RECORDS FOR THE EXERCISE |

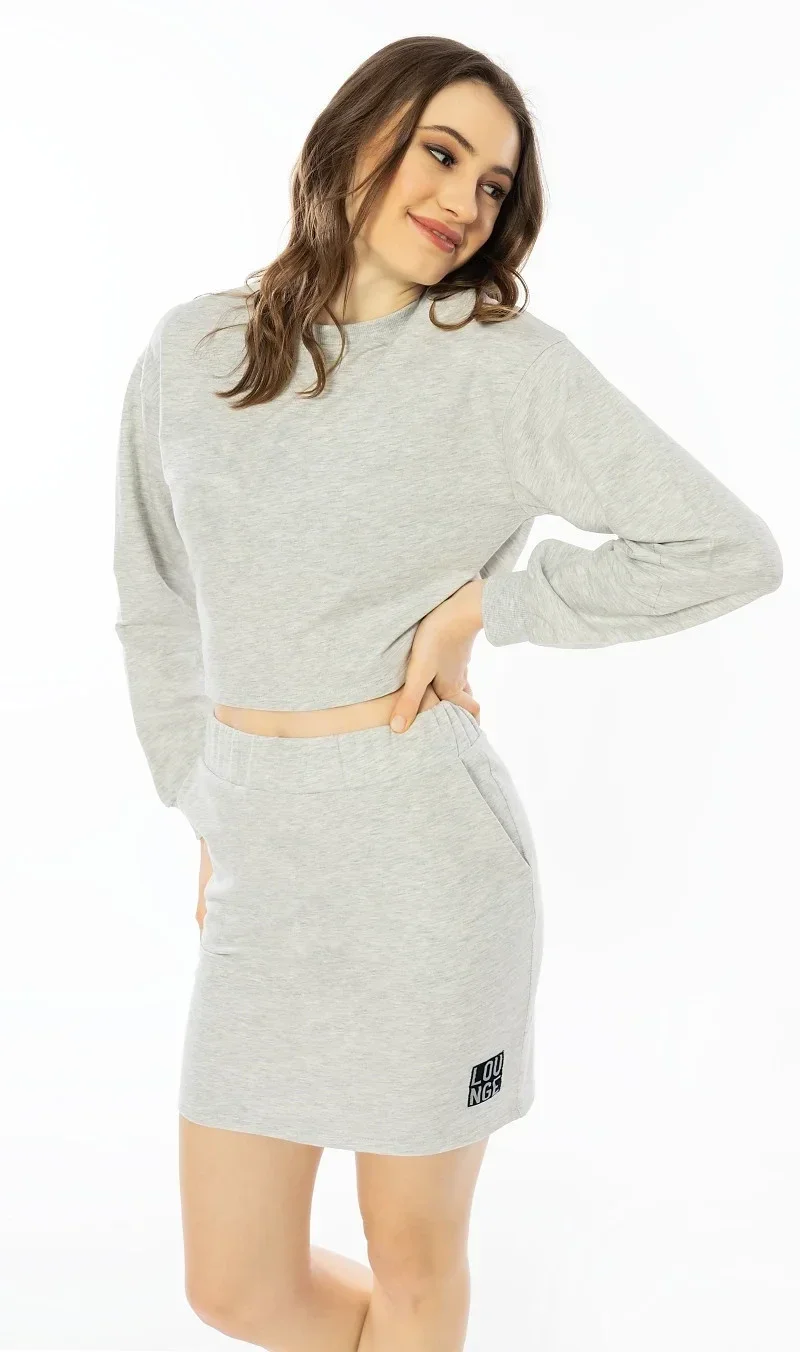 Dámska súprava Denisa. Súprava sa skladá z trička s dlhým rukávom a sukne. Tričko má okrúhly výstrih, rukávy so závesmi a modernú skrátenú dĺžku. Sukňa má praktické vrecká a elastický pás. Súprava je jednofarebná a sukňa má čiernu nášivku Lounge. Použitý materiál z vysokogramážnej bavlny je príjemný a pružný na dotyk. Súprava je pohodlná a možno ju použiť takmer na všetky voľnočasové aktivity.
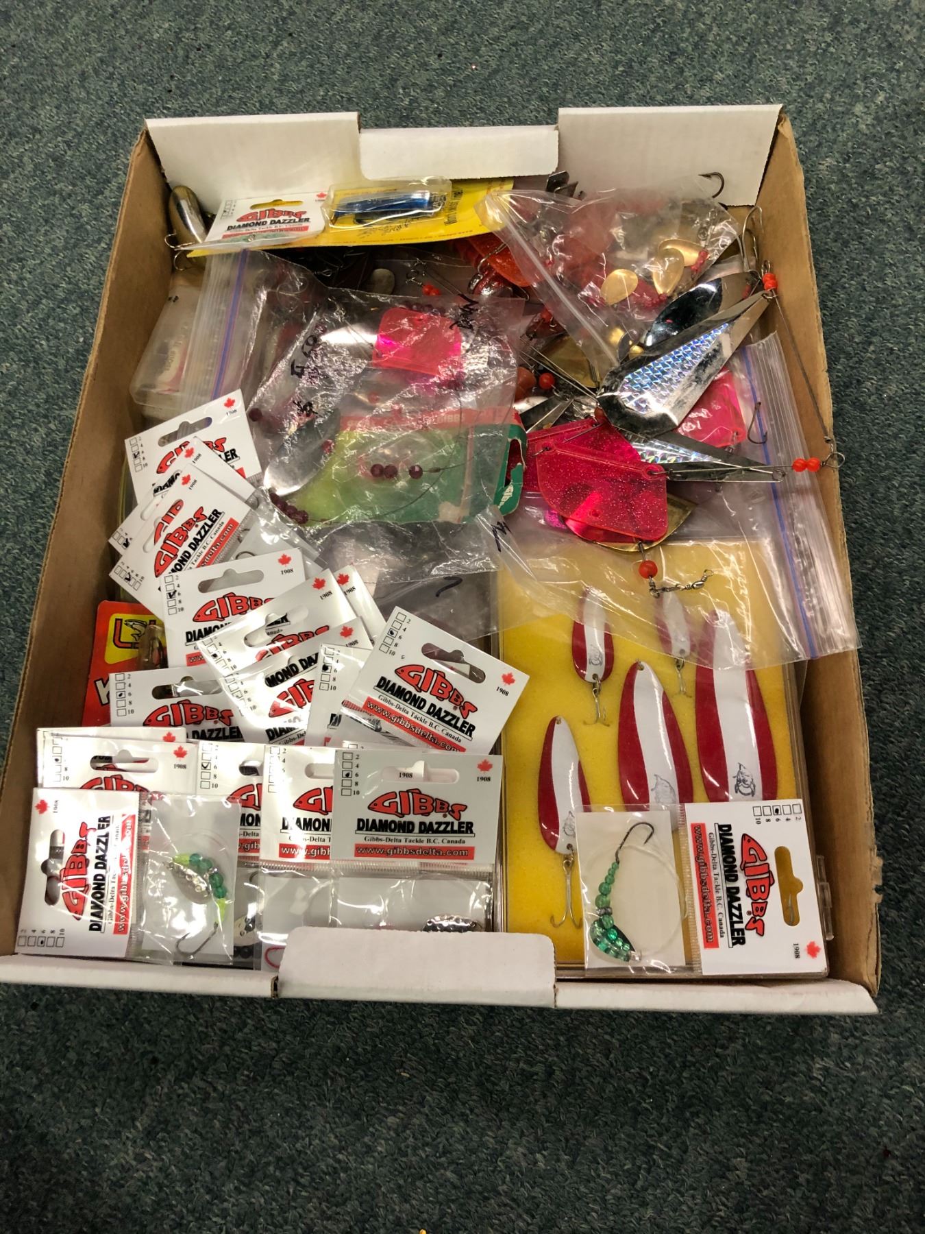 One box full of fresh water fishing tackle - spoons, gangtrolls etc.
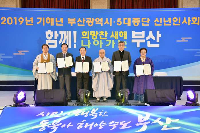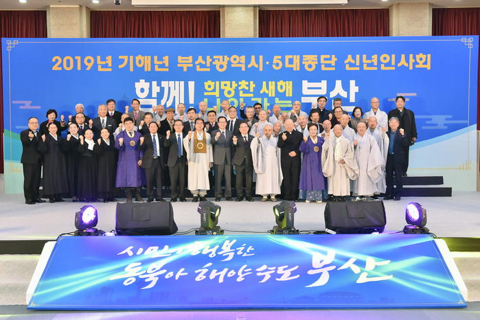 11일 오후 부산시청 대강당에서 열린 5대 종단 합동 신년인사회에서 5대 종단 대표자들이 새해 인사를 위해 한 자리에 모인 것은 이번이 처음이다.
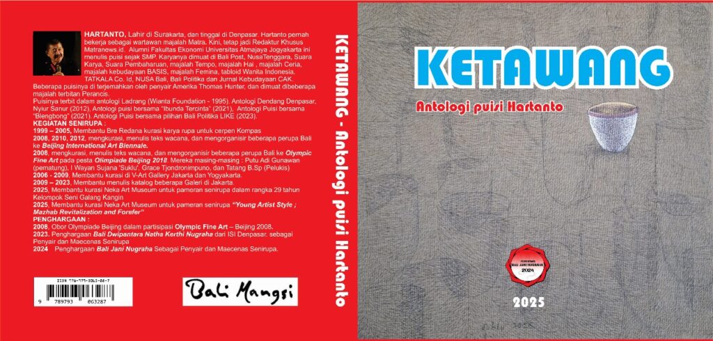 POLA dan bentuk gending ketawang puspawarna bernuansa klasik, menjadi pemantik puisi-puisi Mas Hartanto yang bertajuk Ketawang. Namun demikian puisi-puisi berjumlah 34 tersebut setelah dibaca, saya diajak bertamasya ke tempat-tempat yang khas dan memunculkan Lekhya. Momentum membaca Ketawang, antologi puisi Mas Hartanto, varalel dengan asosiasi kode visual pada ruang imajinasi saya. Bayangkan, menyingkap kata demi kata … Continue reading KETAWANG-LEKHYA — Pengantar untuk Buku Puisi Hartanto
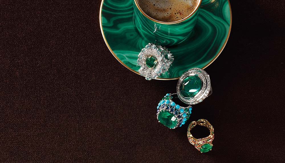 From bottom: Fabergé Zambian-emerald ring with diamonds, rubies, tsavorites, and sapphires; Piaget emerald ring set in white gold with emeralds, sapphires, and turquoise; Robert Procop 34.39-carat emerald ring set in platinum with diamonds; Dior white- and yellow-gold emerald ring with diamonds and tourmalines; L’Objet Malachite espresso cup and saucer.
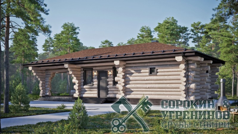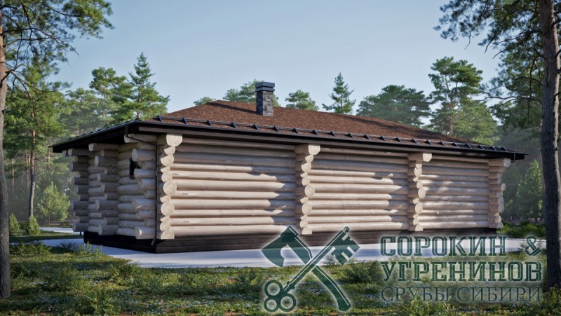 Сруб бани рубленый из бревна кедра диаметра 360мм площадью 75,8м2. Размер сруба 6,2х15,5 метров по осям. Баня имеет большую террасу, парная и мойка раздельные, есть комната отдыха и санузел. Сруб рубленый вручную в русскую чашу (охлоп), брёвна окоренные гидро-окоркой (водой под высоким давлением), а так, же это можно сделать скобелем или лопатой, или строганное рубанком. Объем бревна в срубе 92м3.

TASK DIRECTIONS | Please write out the whole listing exactly, but not the pictures in it.

SOLUTION TO THIS PROBLEM |
 Dámska súprava Denisa. Súprava sa skladá z trička s dlhým rukávom a sukne. Tričko má okrúhly výstrih, rukávy so závesmi a modernú skrátenú dĺžku. Sukňa má praktické vrecká a elastický pás. Súprava je jednofarebná a sukňa má čiernu nášivku Lounge. Použitý materiál z vysokogramážnej bavlny je príjemný a pružný na dotyk. Súprava je pohodlná a možno ju použiť takmer na všetky voľnočasové aktivity.
 One box full of fresh water fishing tackle - spoons, gangtrolls etc.
 11일 오후 부산시청 대강당에서 열린 5대 종단 합동 신년인사회에서 5대 종단 대표자들이 새해 인사를 위해 한 자리에 모인 것은 이번이 처음이다.
 POLA dan bentuk gending ketawang puspawarna bernuansa klasik, menjadi pemantik puisi-puisi Mas Hartanto yang bertajuk Ketawang. Namun demikian puisi-puisi berjumlah 34 tersebut setelah dibaca, saya diajak bertamasya ke tempat-tempat yang khas dan memunculkan Lekhya. Momentum membaca Ketawang, antologi puisi Mas Hartanto, varalel dengan asosiasi kode visual pada ruang imajinasi saya. Bayangkan, menyingkap kata demi kata … Continue reading KETAWANG-LEKHYA — Pengantar untuk Buku Puisi Hartanto
 From bottom: Fabergé Zambian-emerald ring with diamonds, rubies, tsavorites, and sapphires; Piaget emerald ring set in white gold with emeralds, sapphires, and turquoise; Robert Procop 34.39-carat emerald ring set in platinum with diamonds; Dior white- and yellow-gold emerald ring with diamonds and tourmalines; L’Objet Malachite espresso cup and saucer.
 Сруб бани рубленый из бревна кедра диаметра 360мм площадью 75,8м2. Размер сруба 6,2х15,5 метров по осям. Баня имеет большую террасу, парная и мойка раздельные, есть комната отдыха и санузел. Сруб рубленый вручную в русскую чашу (охлоп), брёвна окоренные гидро-окоркой (водой под высоким давлением), а так, же это можно сделать скобелем или лопатой, или строганное рубанком. Объем бревна в срубе 92м3.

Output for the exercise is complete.